可现在来看,谢家这位大少,不仅是个不学无术的浪荡子,还是个不折不扣的纨绔少爷!
盛桓茵甚至有几分怀疑自己梦境的可能性了。
就这样一个性子的人,日后还真能去当那造反的叛军?
罢了,左右日后都是要和离的,她就当谢衍峥是自己的东家,先忍过这段时间再说。
想通后,盛桓茵面无表情地接过谢衍峥手里的石青锦袍。
她从未替人穿过衣裳,手指有些笨拙,抖开袍子时差点滑落。
谢衍峥倒也不催,只微微张开双臂,垂眸带笑地看着她。
他比盛桓茵高出一个头,盛桓茵不得不踮起脚尖,将袍子披上他的肩,又绕到他身前,一颗一颗地系纽结。
手指难免碰到他的胸膛,盛桓茵指尖微凉,隔着薄薄的中衣,甚至能感受到温热的体温,触上去时微微一顿,又硬着头皮若无其事地继续。

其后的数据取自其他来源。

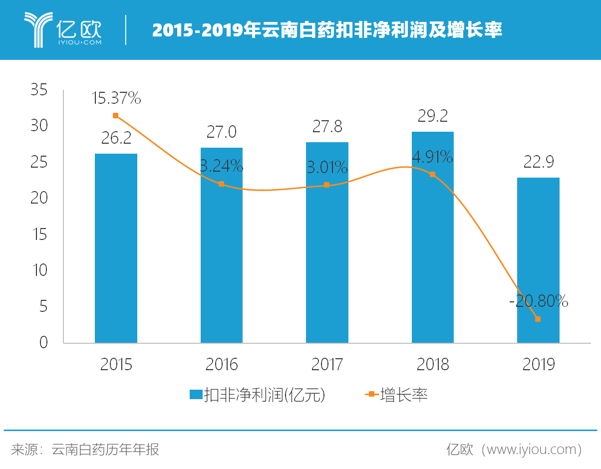 [ 亿欧导读 ]2019年,云南白药扣非净利润下滑两成,这也是近20年以来其扣非净利润首次出现负增长。

在此前,她何曾与男子有过这般亲近,双颊不由开始泛红。
这时,又听头顶传来声音:“腰带。”
盛桓茵又从衣架上取下白玉腰带,环过他的腰身,几乎要贴着他的腰侧才能将带扣系好。
谢衍峥也没有要帮忙的意思,就那么站着,任她手忙脚乱。
好不容易系好了,可腰带看着似乎有几分歪。
她咬了咬唇,踟蹰着上前一步,准备伸手去调整。
指尖刚碰到那枚玉带钩,就被一只温热的手握住了。
“行了。”谢衍峥松开手,语气淡淡,“再摸下去,为夫该收钱了。”
盛桓茵的脸腾地红了,仓皇后退两步,差点踩到自己的裙摆。
石榴在一旁低着头,肩膀微微抖动,不敢说话。
谢衍峥却像什么都没发生一样,转身走到铜镜前,自己抬手理了理衣领,回头看了她一眼:“走吧。”
盛桓茵深吸一口气,稳住心神,连忙跟上。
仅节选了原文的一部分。